_Exercise instructions:_ Print the lines in the listing below starting at the line with "As the grandmother" and ending at the line with "最初にピアノのリズムに合わせ", both included. Reproduce them exactly and omit every picture.

_Data:_

-- Opening Marker --

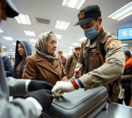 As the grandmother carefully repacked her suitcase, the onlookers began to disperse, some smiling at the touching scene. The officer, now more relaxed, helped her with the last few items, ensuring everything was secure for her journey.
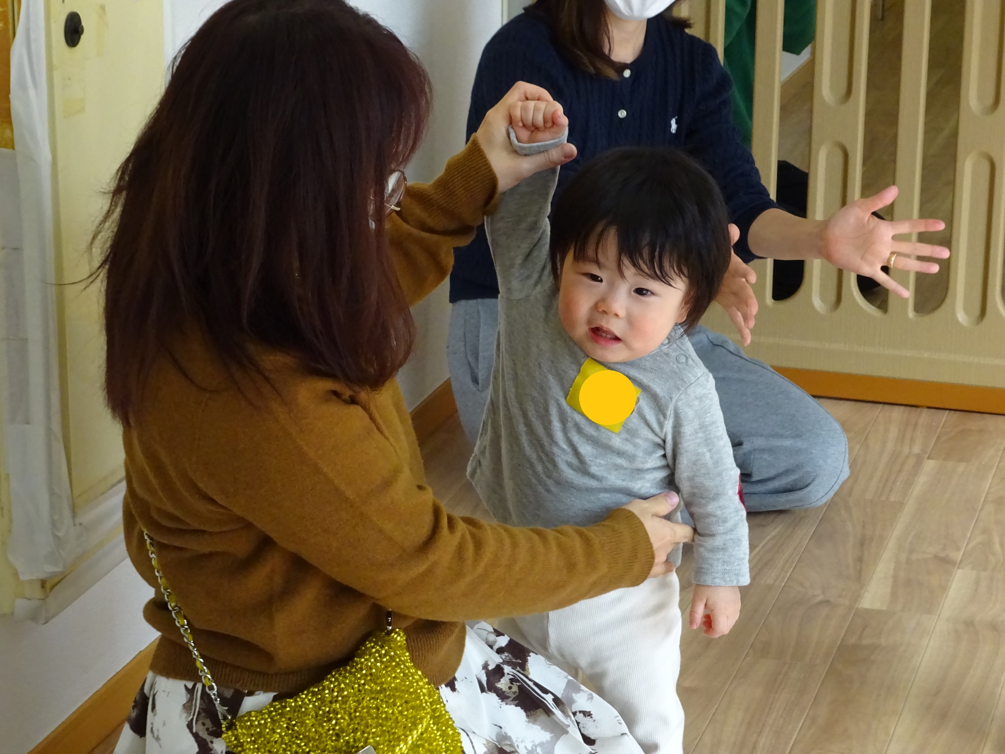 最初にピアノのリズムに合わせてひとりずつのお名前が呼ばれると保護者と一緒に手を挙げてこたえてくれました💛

-- Closing Marker --
-- Opening Marker --

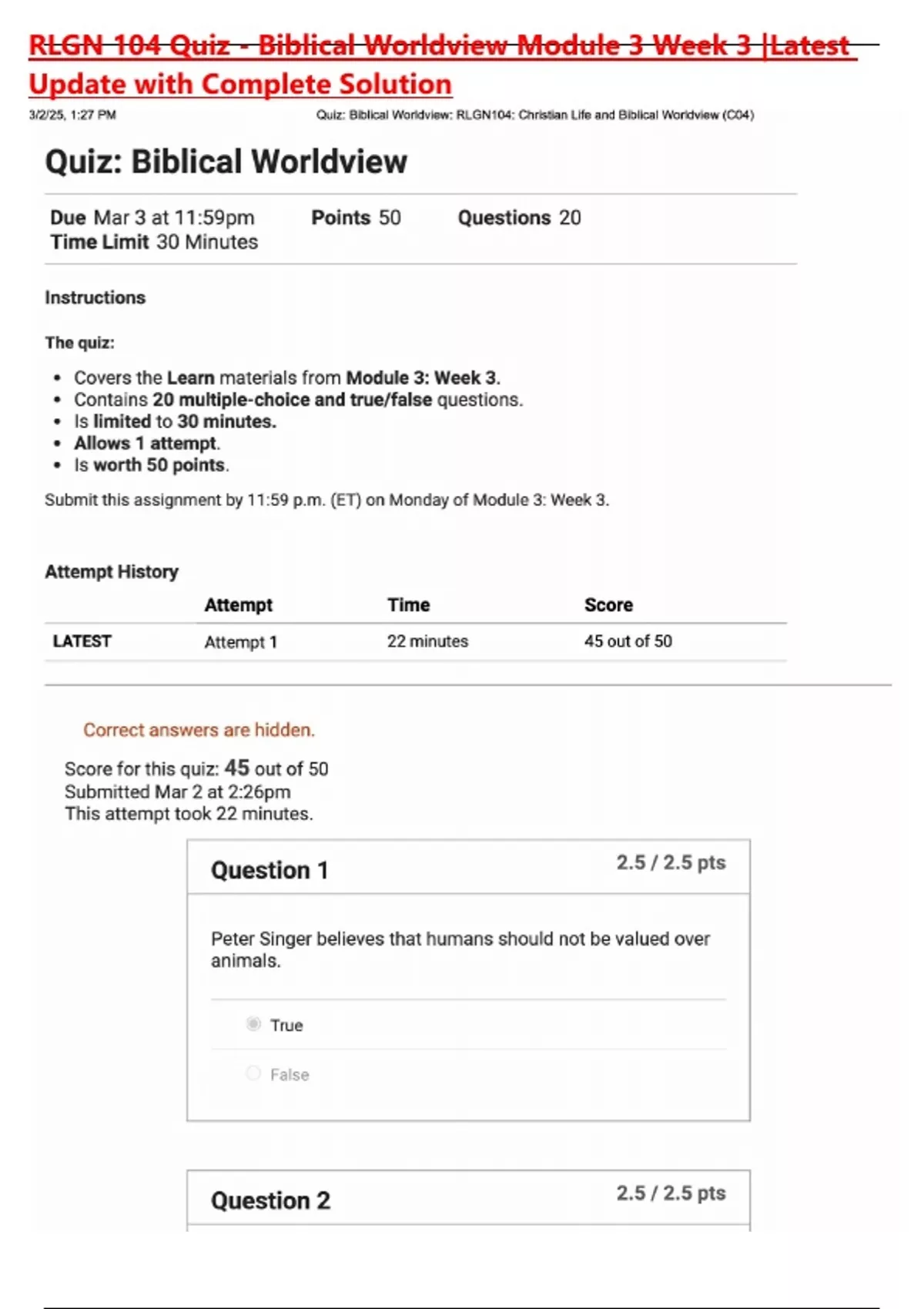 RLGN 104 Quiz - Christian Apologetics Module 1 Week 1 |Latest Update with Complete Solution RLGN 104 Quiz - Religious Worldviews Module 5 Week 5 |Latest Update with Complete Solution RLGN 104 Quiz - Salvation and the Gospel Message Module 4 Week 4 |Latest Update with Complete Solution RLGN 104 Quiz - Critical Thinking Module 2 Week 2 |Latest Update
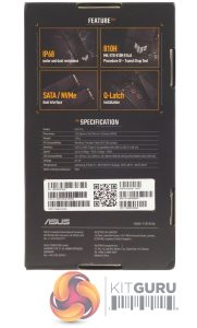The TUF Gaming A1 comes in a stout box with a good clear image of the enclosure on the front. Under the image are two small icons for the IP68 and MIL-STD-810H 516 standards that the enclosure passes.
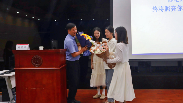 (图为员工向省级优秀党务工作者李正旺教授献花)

-- Closing Marker --

_Answer space:_
 As the grandmother carefully repacked her suitcase, the onlookers began to disperse, some smiling at the touching scene. The officer, now more relaxed, helped her with the last few items, ensuring everything was secure for her journey.
 最初にピアノのリズムに合わせてひとりずつのお名前が呼ばれると保護者と一緒に手を挙げてこたえてくれました💛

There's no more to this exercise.